Configure both and set a default. The agent will use the default for standard generations and fall back or switch to the other when appropriate.

```json
{
  "persona": {
    "image": {
      "provider": "gemini",
      "gemini": {
        "model": "gemini-2.0-flash-preview-image-generation"
      },
      "grok": {
        "model": "grok-imagine-image"
      }
    }
  }
}
```

During wizard setup, choose option `[3] Both` when prompted:
```
Choose an image provider:
  [1] Gemini (photorealistic, reference image support)
  [2] Grok Imagine (creative, fewer restrictions)
  [3] Both (Gemini default, Grok for creative)
  [4] None (no visual identity)
```

---

## Canonical Look

The `canonicalLook` object defines what your agent looks like. It is used in every image generation prompt.

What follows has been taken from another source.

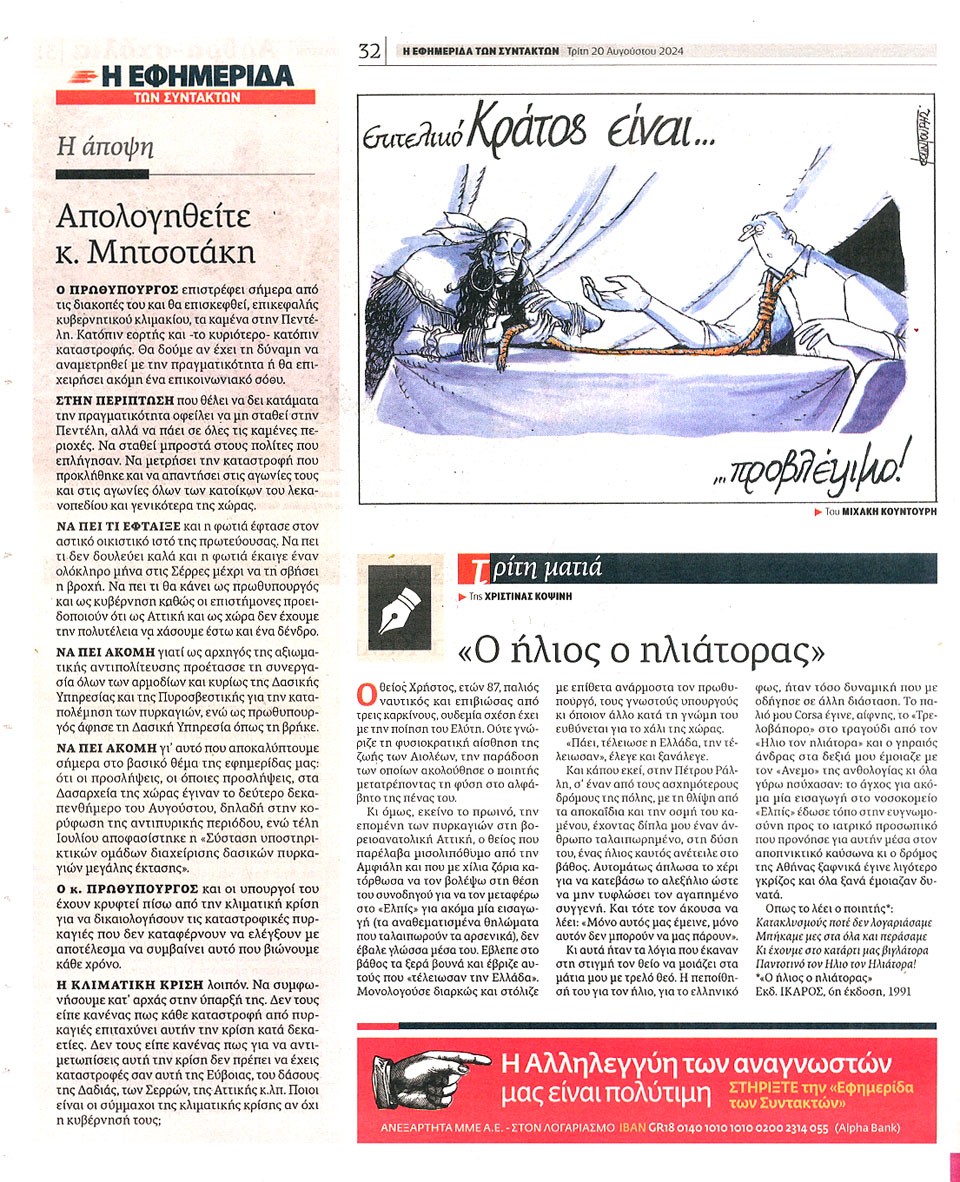 Η ΕΦΗΜΕΡΙΔΑ ΤΩΝ ΣΥΝΤΑΚΤΩΝ - 20 Αυγούστου 2024

| Field | Type | Description |
|-------|------|-------------|
| `description` | string | Physical appearance description (freeform) |
| `style` | string | Art style: `photorealistic`, `anime`, `illustration`, `3d-render` |
| `alwaysInclude` | string | Accessories or features to include in every image |

---

## Spontaneous Images

The agent can send selfies unprompted when trigger words appear in conversation.

```json
{
  "persona": {
    "image": {
      "spontaneous": {
        "enabled": true,
        "triggers": ["selfie", "show me", "what do you look like", "pic"]
      }
    }
  }
}
```

The agent generates mood-appropriate expressions based on the conversation context. For example, a "good morning" selfie will show a warm, sleepy expression, while a celebration prompt will show excitement.

The `agent-selfie` skill is automatically installed during persona creation to handle ongoing selfie generation.